Another contrast between the cabinetmaker of the 18th century and his counterpart today lay in the formers expediency. In many ways it is his pace of work that accounts for so much of the flavor of period furniture. Without the benefit of power tools the furniture maker of the past was in all likelihood working at a pace that would shame those of us with fully equipped modern shops. Admittedly he had advantages that are lost to us; he could generally purchase wood cut to any thickness from veneers on up in 1/8" increments (the sawyers of the time were selling their labor as much as they were the wood itself). But his pace was more the result of an attitude than tools or materials. He would put effort and the best woods where they paid the highest dividend and not waste them where unseen. This most human system of priorities invested his work with a character that is buoyant, in contrast to the oppressively characterless nature of much contemporary furniture where misplaced democratic principals have invested a drawer bottom with the same value as a drawer front.

In all probability he would have at least one apprentice to whom he bore certain responsibilities but who could expect to work without pay for years. Perhaps he might also employ a journeyman cabinetmaker who having served his time could then qualify to enter the trade as his own master, assuming his work met the standards required by the relevant guild. Whatever wages the cabinetmaker paid were as likely to be in the form of board and lodging as money and certainly bore no relation to the wages paid today.

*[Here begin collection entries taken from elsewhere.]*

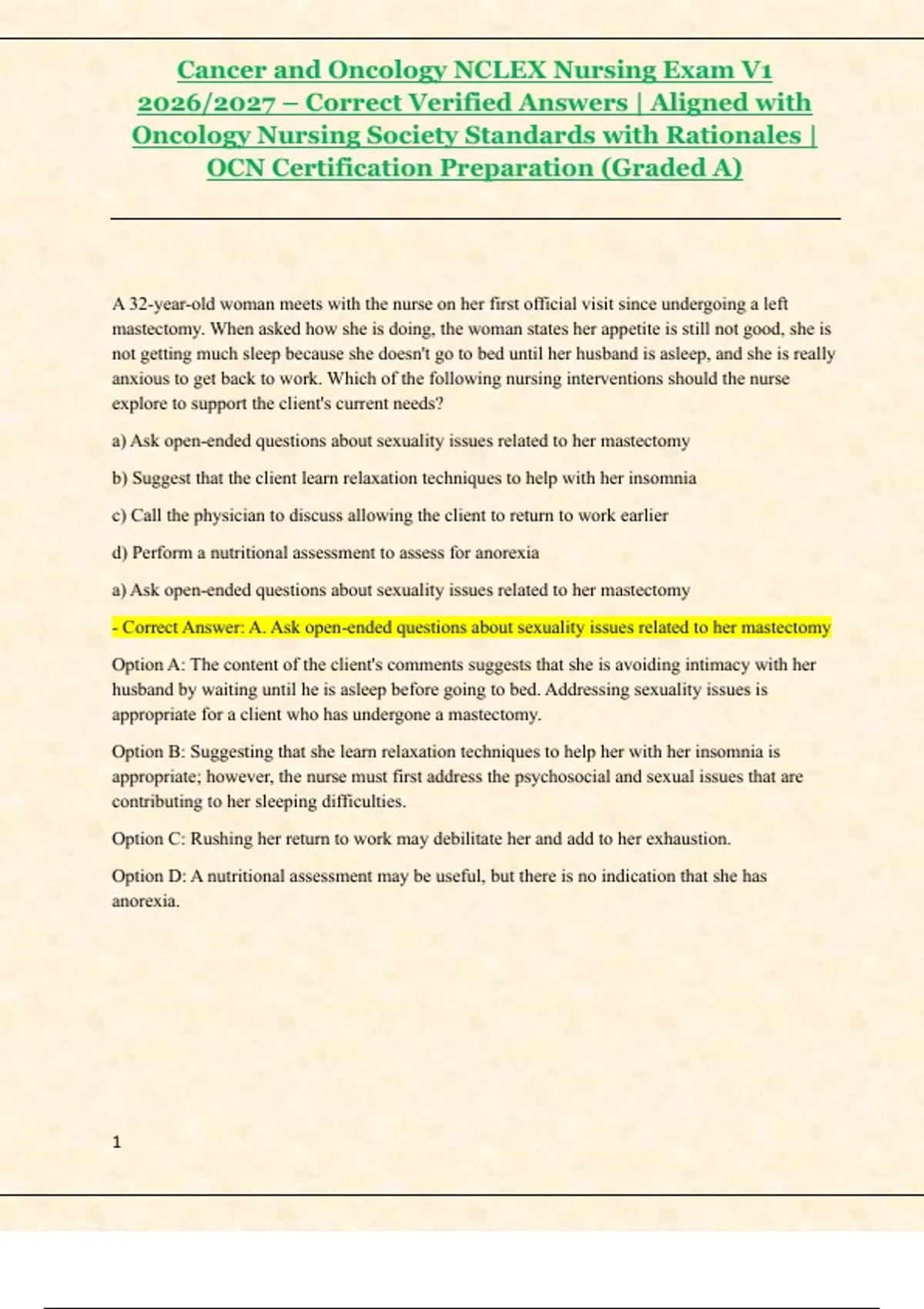 , Cancer and Oncology NCLEX Nursing Exam V1
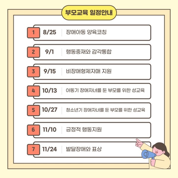 8/25 장애아동 양육코칭, 9/1 행동중재와 감각통합, 9/15 비장애형제자매 지원
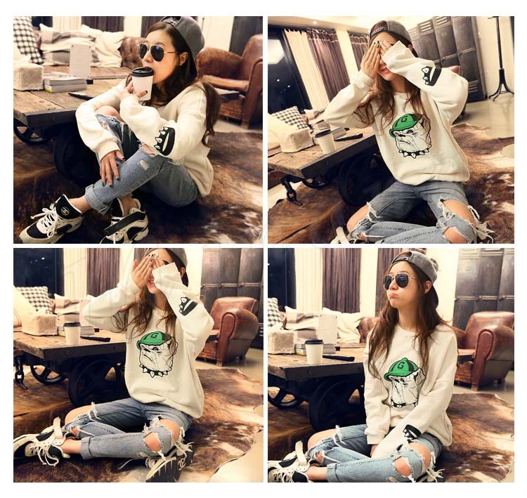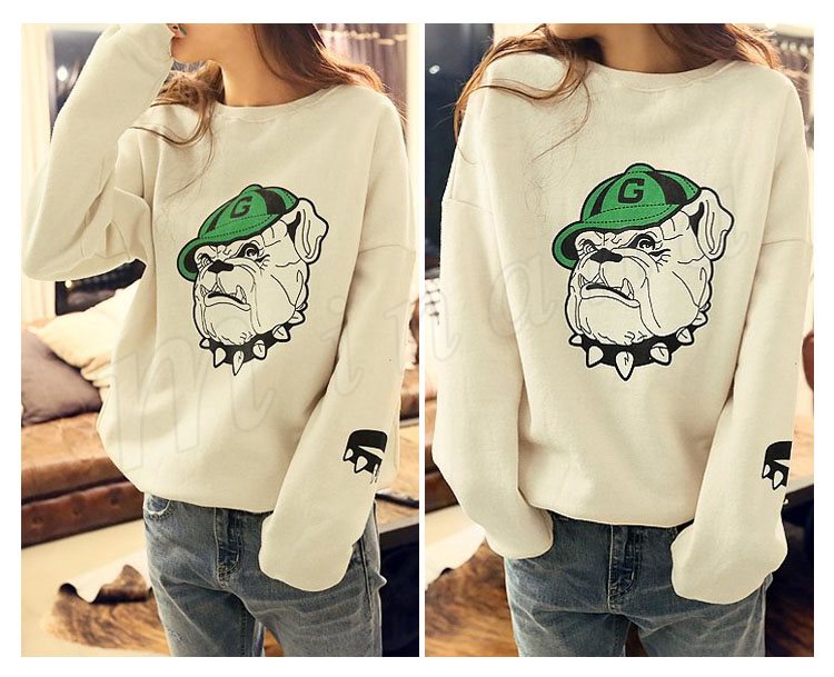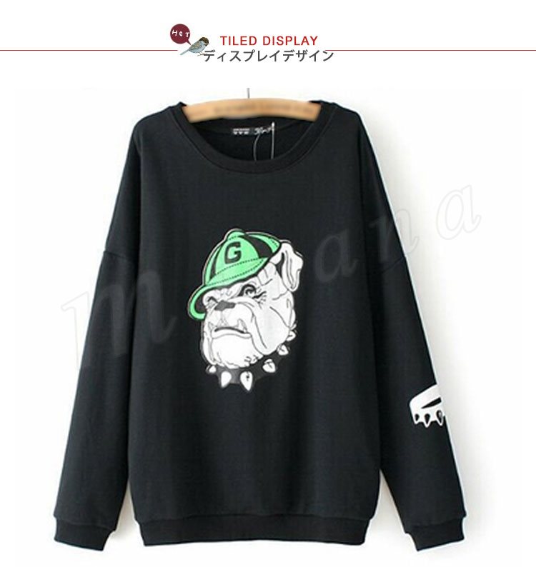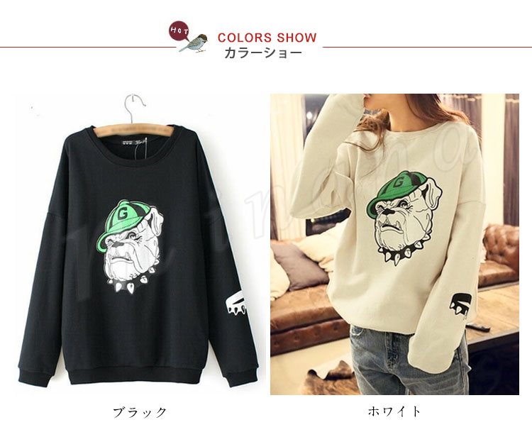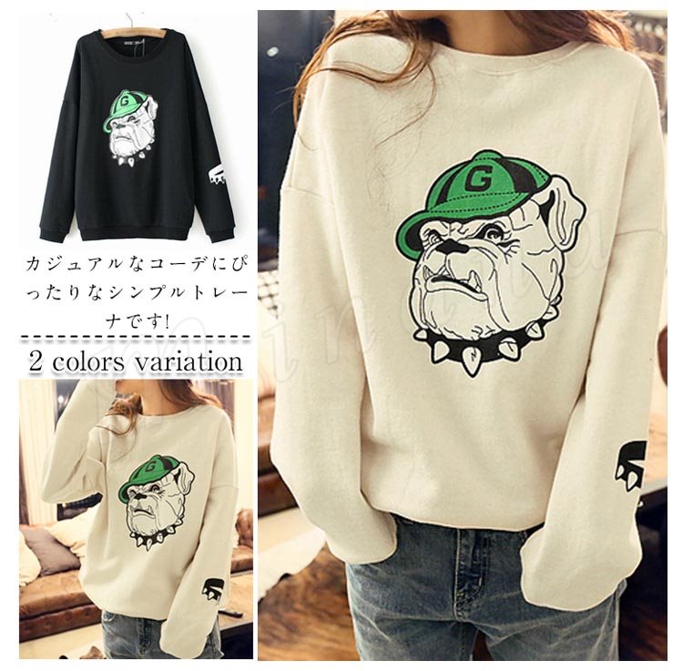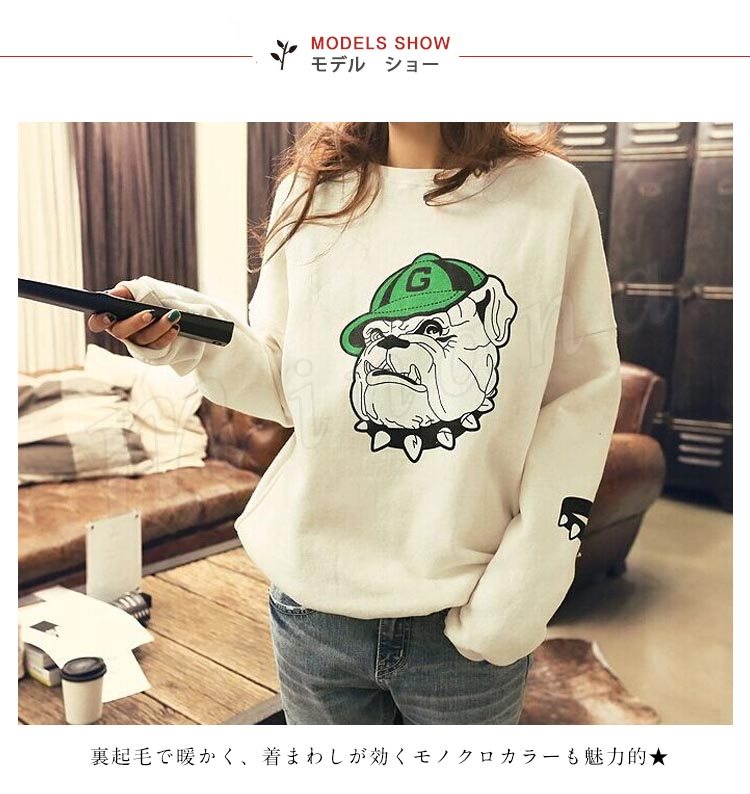 ラフ&カジュアルデザイン★裏起毛 あったかトレーナ プルオーバー ブルドッグ 腕プリント入り ポケット付き (全2色)
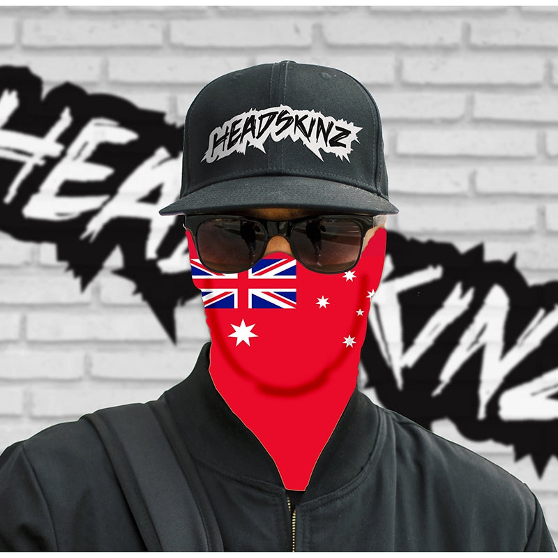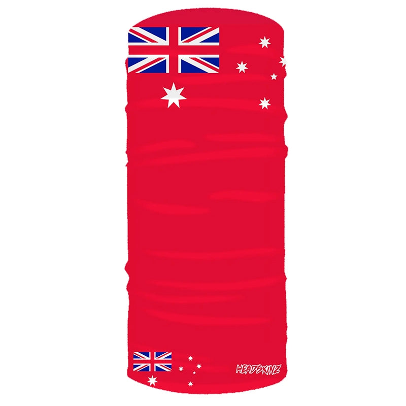 Here is an awesome addition to the suite of Headskinz Aussie Flag designs – the Australian Red Ensign Flag Headskinz. The flag was officially proclaimed in Australia in 1901, and is the flag flown at sea by Australian merchant ships. In the early years of federation, the red ensign was an important symbol of Australian identity as the main flag used by private citizens on land and at sea, and Aussies have fought under it during both world wars. We think it is a great addition to our Aussie flag range. Deck yourself out in Aussie Headskinz, whether its this Australian Red Ensign Flag Headskinz, the Aussie Flag design, or the Aussie Flag Blacko Headskinz.

Earlier in his career the cabinetmaker would have worked his way through the apprenticeship/journeyman system and have developed rock solid technique. In his time (unlike today) there were few questions on matters of method and technique. The cutting of joints, assembling of casework etc would have been so completely instilled into his being during the endless years of his servitude that a question as to whether the tails or the pins of a dovetail joint should be cut first would most probably be met with silent incomprehension.

Without these advantages a cabinetmaker could not have remained in business. The cost of materials in relation to the cost of the finished furniture was far higher in his day, probably nearer one half rather than the current one fifth rule of thumb today, the cost of tools likewise.

Productivity and economy were virtues critical to his ability to stay clear of the poorhouse.

The realities of the cabinetmakers life would have left little room for romantic self-deception. How typical it is that these thousands of pragmatic craftsmen, few of whom could claim any originality of design, should have left to succeeding generations such a treasure trove of balance, proportion, colour, surface, grace and of course function, while so many contemporary furniture makers placing originality above all else seem bent on turning beautiful woods into sadly crippled orphans.

The purpose of this introduction is to set the stage for the furniture fitting shown in our catalog and I don't deny that my perspective is laden with bias. This doesn't mean that I have no sympathy for the contemporary furniture maker, in fact the opposite is closer to the truth.

Those that have created great furniture during the latter half of this century have worked unfertile soil and their success warrants all the greater applause for their determination against the apathy and ignorance of their time.